(RECORDS FOR THIS TASK)

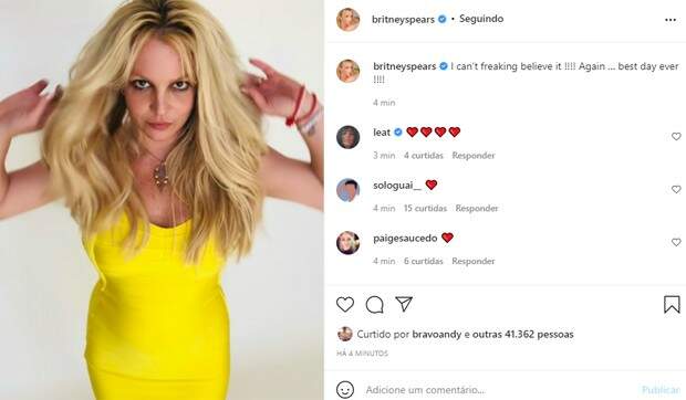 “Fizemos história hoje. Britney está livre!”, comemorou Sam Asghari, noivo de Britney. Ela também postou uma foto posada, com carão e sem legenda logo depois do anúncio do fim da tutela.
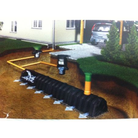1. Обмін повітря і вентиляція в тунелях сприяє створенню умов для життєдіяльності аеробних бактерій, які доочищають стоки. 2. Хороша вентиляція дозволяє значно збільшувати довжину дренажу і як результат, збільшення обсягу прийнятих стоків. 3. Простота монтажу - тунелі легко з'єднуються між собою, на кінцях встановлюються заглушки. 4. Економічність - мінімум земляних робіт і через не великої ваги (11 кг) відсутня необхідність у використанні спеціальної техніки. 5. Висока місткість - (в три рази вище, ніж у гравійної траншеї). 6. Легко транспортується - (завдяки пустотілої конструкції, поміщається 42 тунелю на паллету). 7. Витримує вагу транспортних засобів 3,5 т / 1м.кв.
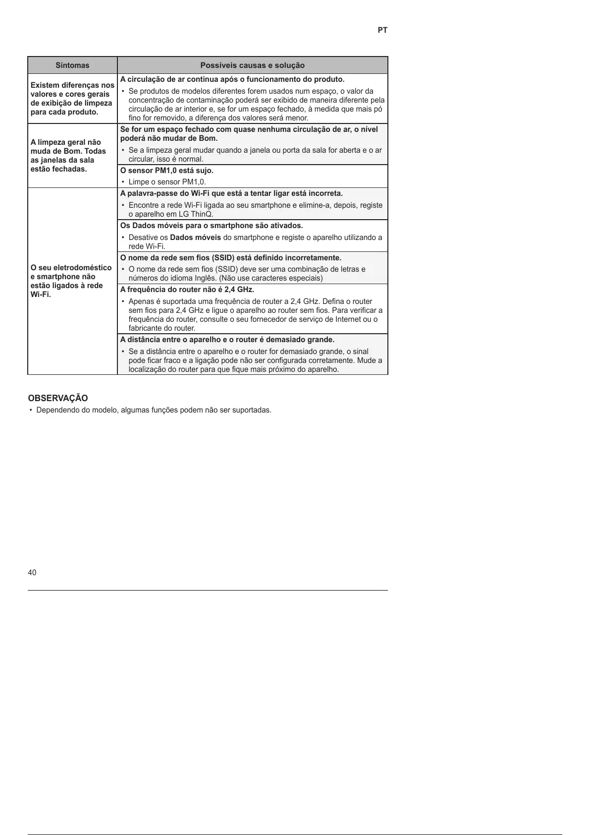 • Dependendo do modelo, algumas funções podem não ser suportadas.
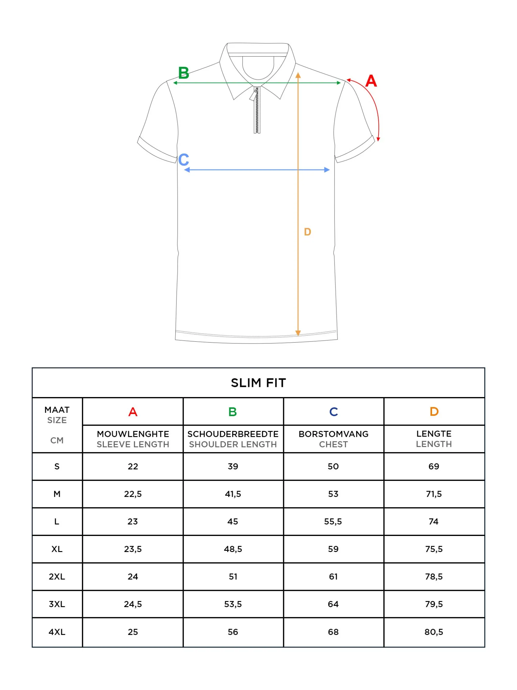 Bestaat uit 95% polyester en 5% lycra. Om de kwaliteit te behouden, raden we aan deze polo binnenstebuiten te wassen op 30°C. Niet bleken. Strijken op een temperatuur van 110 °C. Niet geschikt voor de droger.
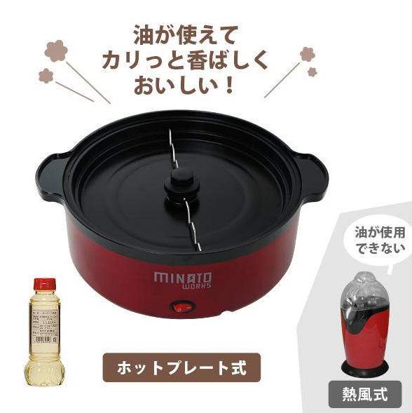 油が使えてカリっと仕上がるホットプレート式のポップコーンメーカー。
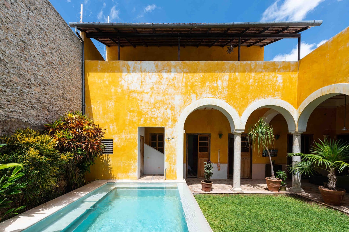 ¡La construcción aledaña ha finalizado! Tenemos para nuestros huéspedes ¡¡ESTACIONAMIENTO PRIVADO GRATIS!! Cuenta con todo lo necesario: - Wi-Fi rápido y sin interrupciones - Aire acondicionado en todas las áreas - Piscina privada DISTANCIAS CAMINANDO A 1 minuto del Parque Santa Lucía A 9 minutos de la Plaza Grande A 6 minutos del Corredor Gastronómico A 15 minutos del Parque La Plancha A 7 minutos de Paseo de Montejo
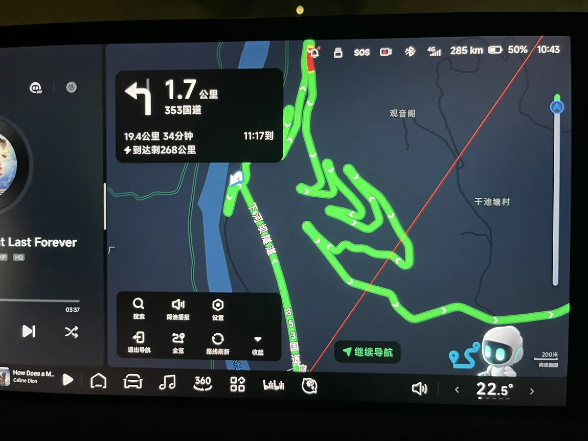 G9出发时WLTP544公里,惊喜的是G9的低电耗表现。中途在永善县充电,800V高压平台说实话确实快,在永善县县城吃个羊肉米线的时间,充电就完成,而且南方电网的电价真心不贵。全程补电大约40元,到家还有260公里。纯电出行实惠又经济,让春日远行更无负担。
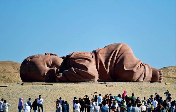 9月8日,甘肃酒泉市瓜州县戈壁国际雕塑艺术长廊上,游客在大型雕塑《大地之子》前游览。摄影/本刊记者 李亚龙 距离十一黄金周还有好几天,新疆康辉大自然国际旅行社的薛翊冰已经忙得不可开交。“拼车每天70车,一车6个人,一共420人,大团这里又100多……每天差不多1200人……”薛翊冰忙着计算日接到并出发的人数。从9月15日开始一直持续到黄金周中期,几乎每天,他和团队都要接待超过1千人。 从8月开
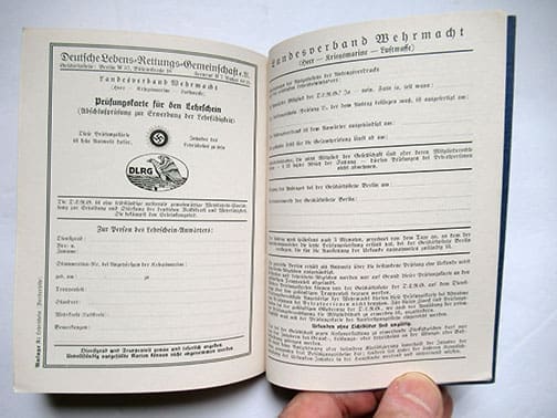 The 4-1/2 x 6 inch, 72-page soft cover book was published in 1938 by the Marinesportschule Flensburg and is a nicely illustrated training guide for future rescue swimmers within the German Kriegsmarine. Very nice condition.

(End RECORDS FOR THIS TASK)

● **WHAT YOU ARE ASKED TO DO**
The copy must reproduce every entry exactly while excluding all pictures.

● **RESPONSE TO THE TASK**
 “Fizemos história hoje. Britney está livre!”, comemorou Sam Asghari, noivo de Britney. Ela também postou uma foto posada, com carão e sem legenda logo depois do anúncio do fim da tutela.
1. Обмін повітря і вентиляція в тунелях сприяє створенню умов для життєдіяльності аеробних бактерій, які доочищають стоки. 2. Хороша вентиляція дозволяє значно збільшувати довжину дренажу і як результат, збільшення обсягу прийнятих стоків. 3. Простота монтажу - тунелі легко з'єднуються між собою, на кінцях встановлюються заглушки. 4. Економічність - мінімум земляних робіт і через не великої ваги (11 кг) відсутня необхідність у використанні спеціальної техніки. 5. Висока місткість - (в три рази вище, ніж у гравійної траншеї). 6. Легко транспортується - (завдяки пустотілої конструкції, поміщається 42 тунелю на паллету). 7. Витримує вагу транспортних засобів 3,5 т / 1м.кв.
 • Dependendo do modelo, algumas funções podem não ser suportadas.
 Bestaat uit 95% polyester en 5% lycra. Om de kwaliteit te behouden, raden we aan deze polo binnenstebuiten te wassen op 30°C. Niet bleken. Strijken op een temperatuur van 110 °C. Niet geschikt voor de droger.
 油が使えてカリっと仕上がるホットプレート式のポップコーンメーカー。
 ¡La construcción aledaña ha finalizado! Tenemos para nuestros huéspedes ¡¡ESTACIONAMIENTO PRIVADO GRATIS!! Cuenta con todo lo necesario: - Wi-Fi rápido y sin interrupciones - Aire acondicionado en todas las áreas - Piscina privada DISTANCIAS CAMINANDO A 1 minuto del Parque Santa Lucía A 9 minutos de la Plaza Grande A 6 minutos del Corredor Gastronómico A 15 minutos del Parque La Plancha A 7 minutos de Paseo de Montejo
 G9出发时WLTP544公里,惊喜的是G9的低电耗表现。中途在永善县充电,800V高压平台说实话确实快,在永善县县城吃个羊肉米线的时间,充电就完成,而且南方电网的电价真心不贵。全程补电大约40元,到家还有260公里。纯电出行实惠又经济,让春日远行更无负担。
 9月8日,甘肃酒泉市瓜州县戈壁国际雕塑艺术长廊上,游客在大型雕塑《大地之子》前游览。摄影/本刊记者 李亚龙 距离十一黄金周还有好几天,新疆康辉大自然国际旅行社的薛翊冰已经忙得不可开交。“拼车每天70车,一车6个人,一共420人,大团这里又100多……每天差不多1200人……”薛翊冰忙着计算日接到并出发的人数。从9月15日开始一直持续到黄金周中期,几乎每天,他和团队都要接待超过1千人。 从8月开
 The 4-1/2 x 6 inch, 72-page soft cover book was published in 1938 by the Marinesportschule Flensburg and is a nicely illustrated training guide for future rescue swimmers within the German Kriegsmarine. Very nice condition.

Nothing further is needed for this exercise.